Lights Out is the sixth studio album by English rock band UFO, released in 1977. All songs are band originals except for "Alone Again Or" which is a cover of a song by the band Love. Reaching number 23 on the Billboard 200, it remains the band's highest-charting album in the United States. In the UK it hit number 54 and stayed on the chart for two weeks.

The album was UFO's first to feature lush string arrangements alongside more complex song structures than their previous albums. Producer Ron Nevison brought in Alan McMillan to handle the string and horn arrangements. The most notable song to feature the orchestral colouring was "Love to Love". It is also the first UFO album to feature Paul Raymond on keyboards and rhythm guitar.

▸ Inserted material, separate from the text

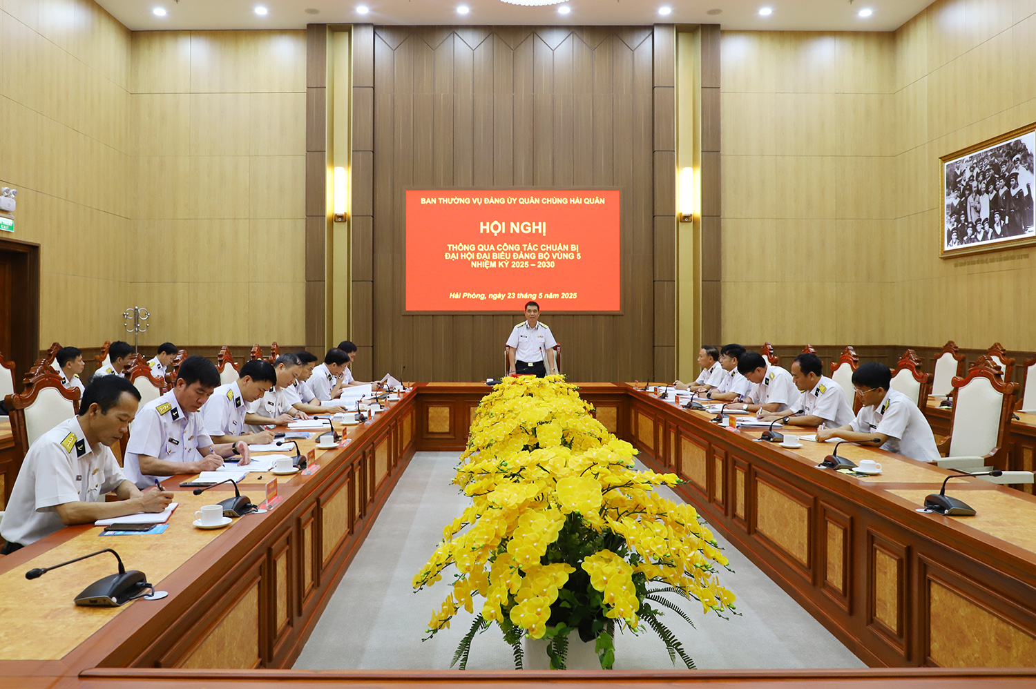 Sáng 23/5, tại Hải Phòng, Ban Thường vụ Đảng ủy Quân chủng Hải quân tổ chức Hội nghị thông qua công tác chuẩn bị tổ chức Đại hội đại biểu Đảng bộ Vùng 5 Hải quân nhiệm kỳ 2025-2030. Thiếu tướng Nguyễn An Phong, Bí thư Đảng ủy, Chính ủy Quân chủng chủ trì.

In 1994, a CD comprising this album and No Heavy Petting was released by BGO Records. 2008 EMI's remastered edition includes four live bonus tracks recorded at The Roundhouse, London. The album cover erroneously states that these tracks were recorded in 1976, but the correct year is 1977. EMI did correct the writing credits, with Paul Raymond finally being credited for his contributions.

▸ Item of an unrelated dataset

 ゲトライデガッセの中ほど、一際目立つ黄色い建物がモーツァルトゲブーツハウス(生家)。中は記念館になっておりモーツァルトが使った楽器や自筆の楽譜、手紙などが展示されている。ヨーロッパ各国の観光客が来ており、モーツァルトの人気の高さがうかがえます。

The title track and "Love to Love" were featured in the 1999 movie Detroit Rock City. "Love to Love" was also covered by Djali Zwan for the 2002 movie Spun and by Europe for their 2008 live album Almost Unplugged. An instrumental version of "Too Hot to Handle" is used at the beginning of Mark Madden's radio show on WXDX-FM in Pittsburgh, Madden being a longtime fan of UFO.

Kerrang! magazine listed the album at No. 28 among the "100 Greatest Heavy Metal Albums of All Time".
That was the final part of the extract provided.